Looks like you guys are having a blast. Keep on having fun. Waterfowl hunting is my passion ,. This was my 59th season and I wouldn't change a minute of it .


----------



## Weekend Woodsmen (Aug 12, 2013)

POPEYE68 said:


> Looks like you guys are having a blast. Keep on having fun. Waterfowl hunting is my passion ,. This was my 59th season and I wouldn't change a minute of it .



We certainly were! It has cut into our deer hunting, but we don't mind at all! Such a great experience.


Sent from my iPhone using Ohub Campfire


----------



## tomdury (Feb 16, 2009)

awesome hunts fellas! You guys hunting solely private land?


----------



## Weekend Woodsmen (Aug 12, 2013)

tomdury said:


> awesome hunts fellas! You guys hunting solely private land?


Thanks! Yes, we are mostly hunting private. We have been working real hard to get places to hunt. We would like to try public sometime, but haven't found any good spots yet.


----------



## BIG TURKEY (May 31, 2014)

Weekend Woodsmen said:


> Thanks! Yes, we are mostly hunting private. We have been working real hard to get places to hunt. We would like to try public sometime, but haven't found any good spots yet.

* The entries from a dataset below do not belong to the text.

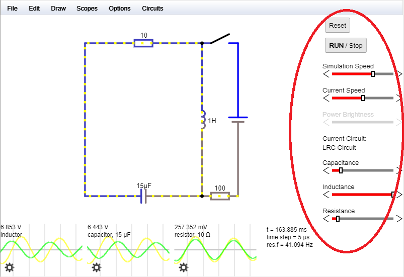 Ngay lập tức sẽ xuất hiện giao diện ban đầu của phần mềm đó là mạch RLC với hiệu ứng dòng điện trên các nhánh và đồ thị thời gian của dòng điện và điện áp trên các phần tử:
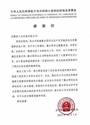 近日,公司收到中華人民共和國(guó)駐中非共和國(guó)大使館經(jīng)濟(jì)商務(wù)參贊處發(fā)來(lái)的感謝信,信中對(duì)我公司戴吉周同志在駐中非使館經(jīng)商參處水電路維修改造工程中的優(yōu)異工作表現(xiàn)表示衷心感謝。
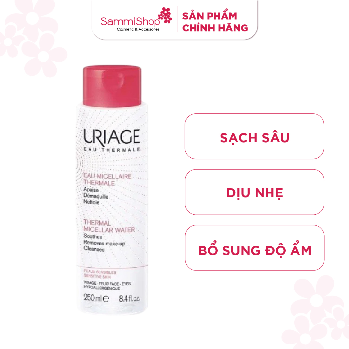 Uriage Nước tẩy trang Eau Micellaire Thermale Peaux Sensibles 250ml nhờ có các tính năng dưỡng ẩm và làm dịu độc đáo của nước khoáng Uriage cùng với công nghệ hạt Micelle thế hệ mới giúp bẫy trọn bụi bẩn, tạp chất, dầu thừa và các lớp mỹ phẩm chống nắng, trang điểm giúp làm sạch da nhẹ nhàng, giảm cảm giác khô căng khó chịu mà vẫn an toàn và hiệu quả cho da nhạy cảm.
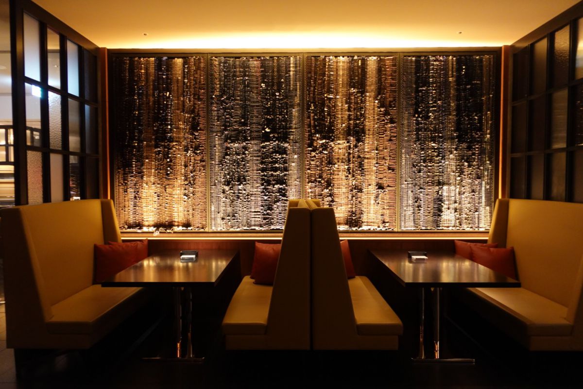 私が座った席の真横にも、ボタンやネクタイ、着物など衣服でできた壁面アートが!ファッションをモチーフに、ここでも銀座を象徴するデザインを楽しむことができます。
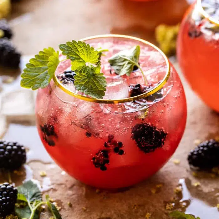 Mules are so refreshing and the flavor add-ins are endless. Create this Blackberry Champagne Mule by muddling blackberries, mint and lime juice and adding vodka. Pour into a glass with ice and top with ginger beer and champagne. Garnish with a mint leaf and enjoy.
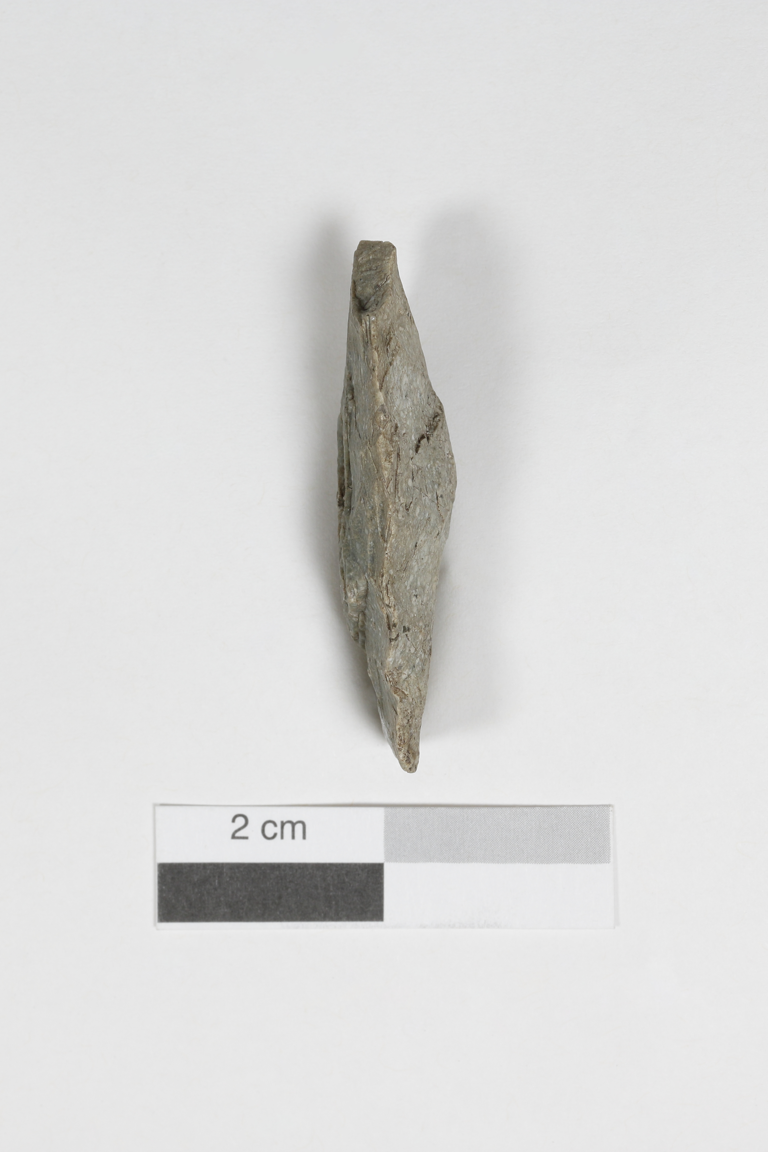 La pointe à encoches latérales de type « Otter Creek » est faite dans une matière siliceuse qui correspond probablement à une variété de rhyolite. L'objet, lié à la chasse ou à la guerre, date de la phase Vergennes de l'Archaïque récent laurentien (5 500 à 4200 ans avant aujourd'hui). L'artéfact est presque complet et il ne manque que le sommet qui est cassé. Il mesure 4,5 cm de longueur, 2,4 cm de largeur et 0,1 cm d'épaisseur.
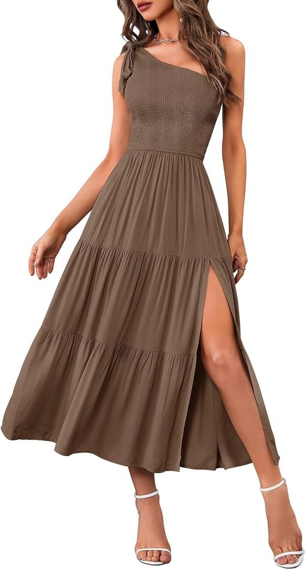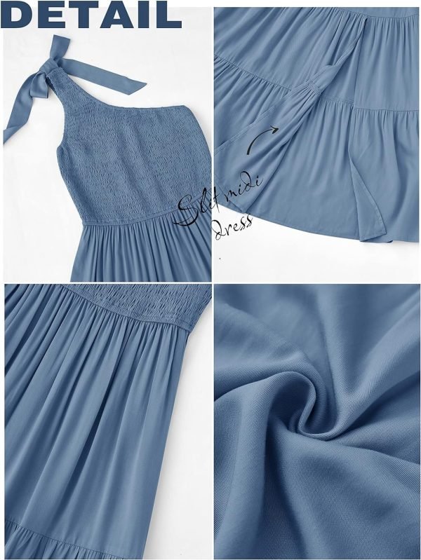 Women’s One Shoulder Casual Smocked Dress With Split
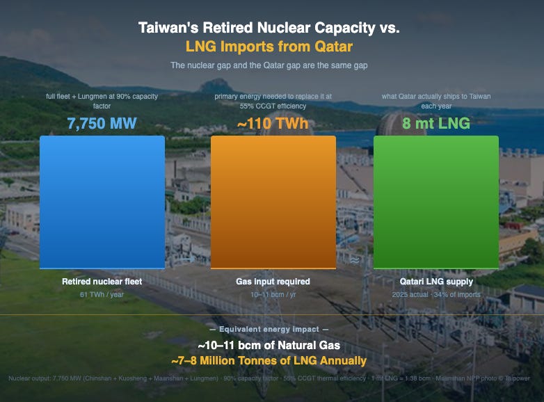 In other words, the nuclear fleet Taiwan shut down would have displaced essentially the entire Qatari supply stream.
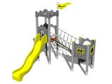 2x Négyoldalú torony, csúszda, ferde mászóháló, 3x gát HDPE, kötélhíd, függőleges mászófal a tornyon, zászló, pártázatos oromzat HDPE. Több információ
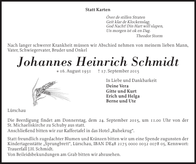Hier finden Sie alle Traueranzeigen aus der Zeitung, die bisher für Johannes Heinrich Schmidt erschienen sind. Weitere Traueranzeigen, die in der Zeitung erscheinen, werden hier ebenfalls aufgelistet
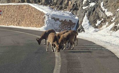 Bu kez bir aile, Bayburt-Gümüşhane kara yolunda ilerlerken nesli tükenme tehlikesi altında olan dağ keçisi sürüsüyle karşılaştı. Araçlarını durdurarak, bu nadir yaban hayvanlarını izlemeye başlayan aile, o anları cep telefonlarıyla kaydetti.
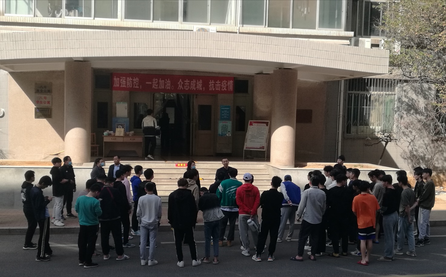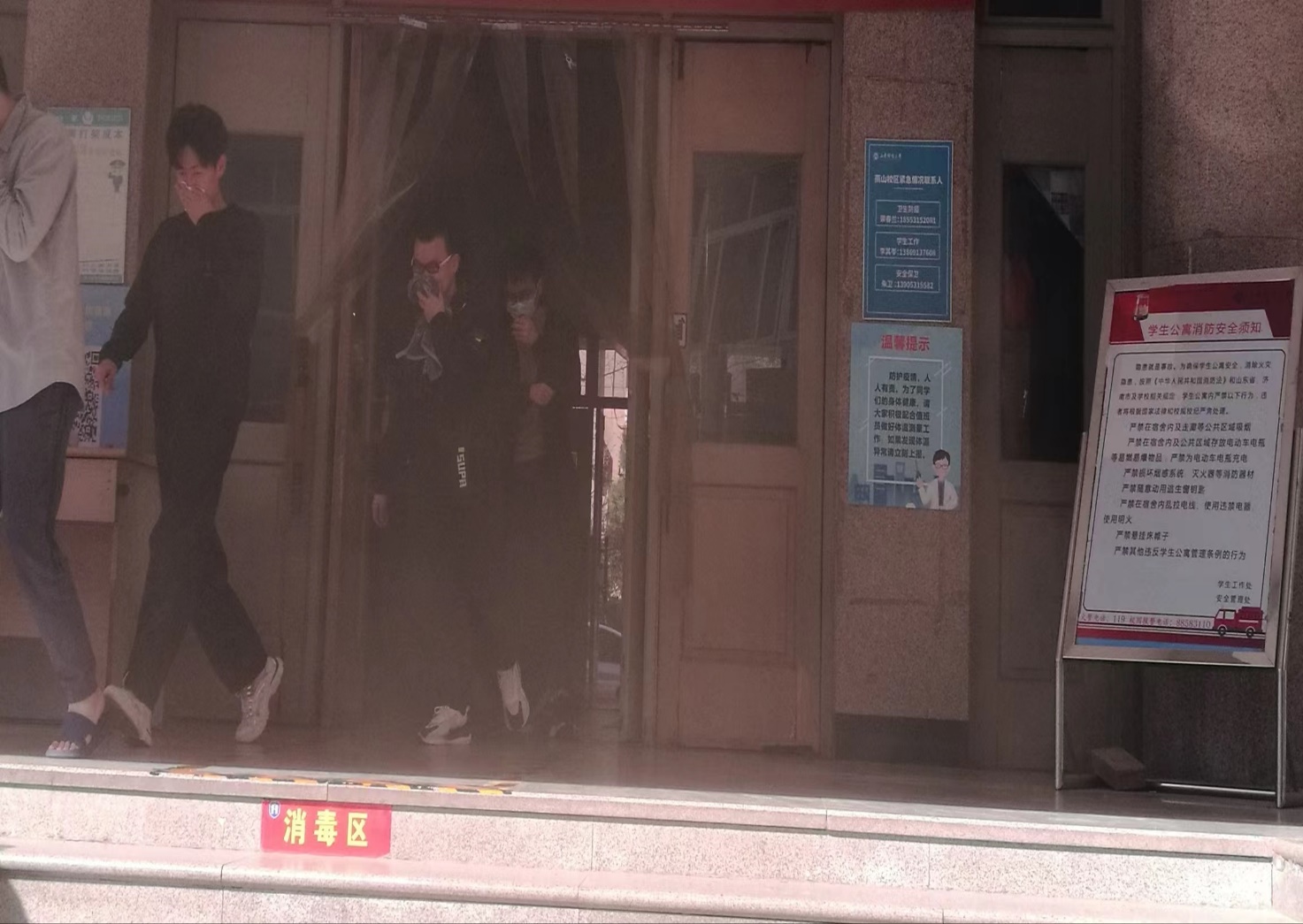 在消防安全检查中,按照上级通知要求,结合近期消防维保公司所提供的报告及学校实际,重点检查测试了重点部位及重点功能室消防设施设备系统联动情况。14时10分,应急逃生演练在4号、8号学生公寓正式开始,消防监控室第一时间向安全管理处、学生工作处相关人员和消防队员发出火情警报,同时启动消防应急预案。公寓内无线烟感发出报警鸣叫,学生听到火情警报后,用湿毛巾捂住口鼻,猫着腰,快速有序沿安全出口标志撤离,14时11分26秒,校区消防应急队第一梯队队员携带手提式灭火器等便携消防器材快速到达现场,全面展开火情侦察、扑救和人员疏散等应急行动。
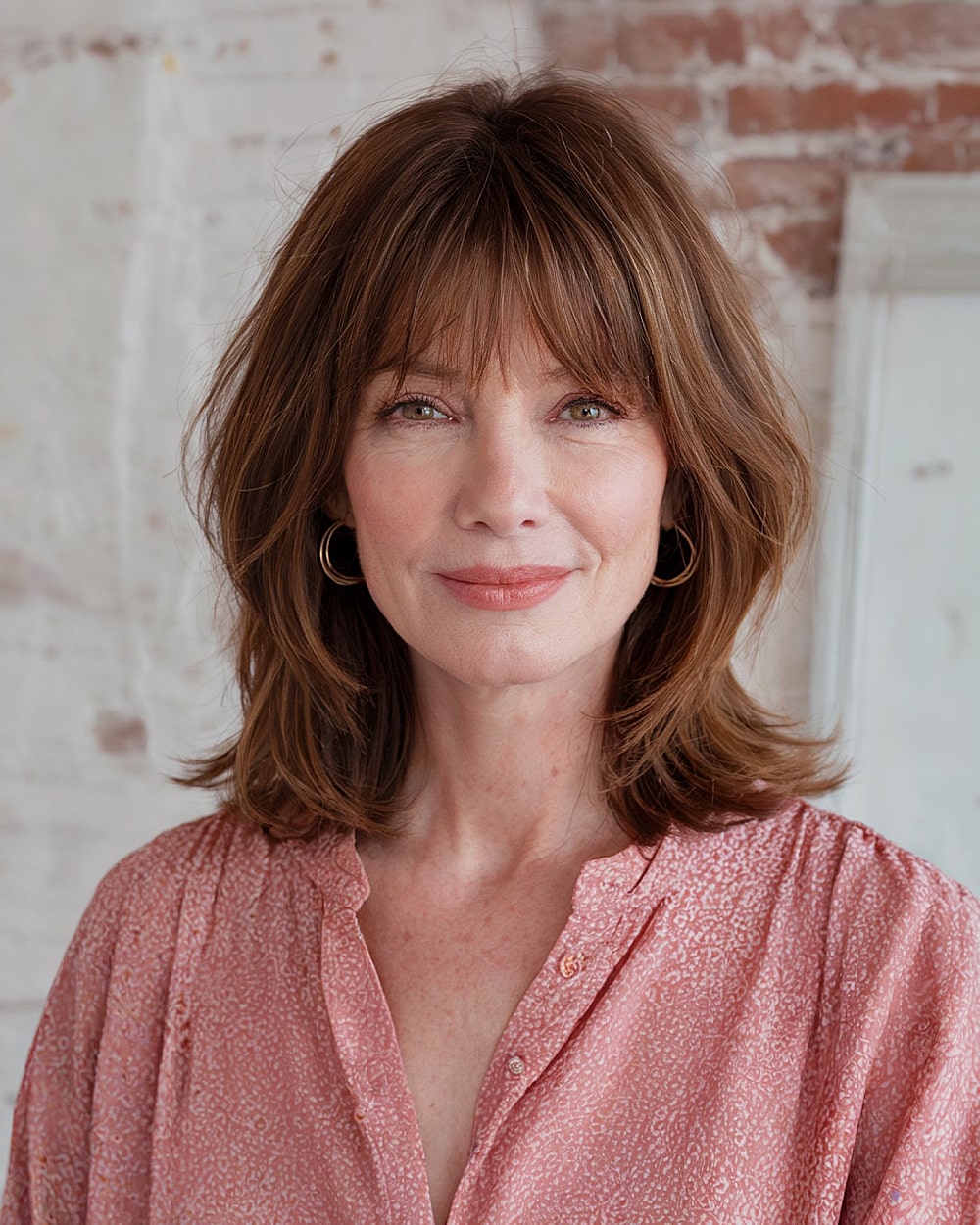 A layered cut that’s perfect for women over 50, offering volume where it’s needed and framing the face beautifully with feathered edges and wispy bangs.
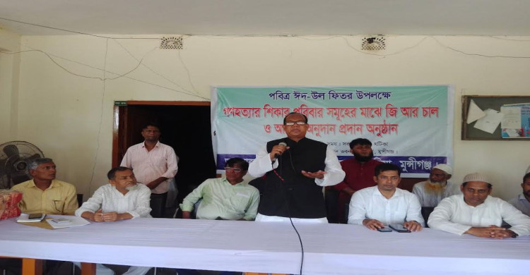 গজারিয়ায় গণহত্যা পরিবারের মাঝে চাল ও আর্থিক অনুদান প্রদান
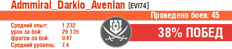 | Класс | Нация | Уровень | Корабль | Боев | Процент побед | Опыт | Урон | Потоплено кораблей | Урон по засвету | Выжил | Сбито самолетов | Выстрелов | Точность | Захват | Защита | Потенциалка | Засвечено кораблей | Рекорд опыта | Рекорд урона | Рекорд потопленных кораблей | Рекорд сбитых самолётов | Рекорд потенциалки | Рекорд засвеченных | Рекорд урона по засвету | Убил/Убит | PRO alfa | последний бой |

Stick to private land you will have more fun . Even if you set up wrong 2 days in a row. And watch ducks pile 90 yards from you .


----------



## NOTMRDUCKS (Dec 3, 2011)

BIG TURKEY said:


> Stick to private land you will have more fun . Even if you set up wrong 2 days in a row. And watch ducks pile 90 yards from you .


Yeah! Big Turkey! I agree!


----------



## James F (Jul 2, 2005)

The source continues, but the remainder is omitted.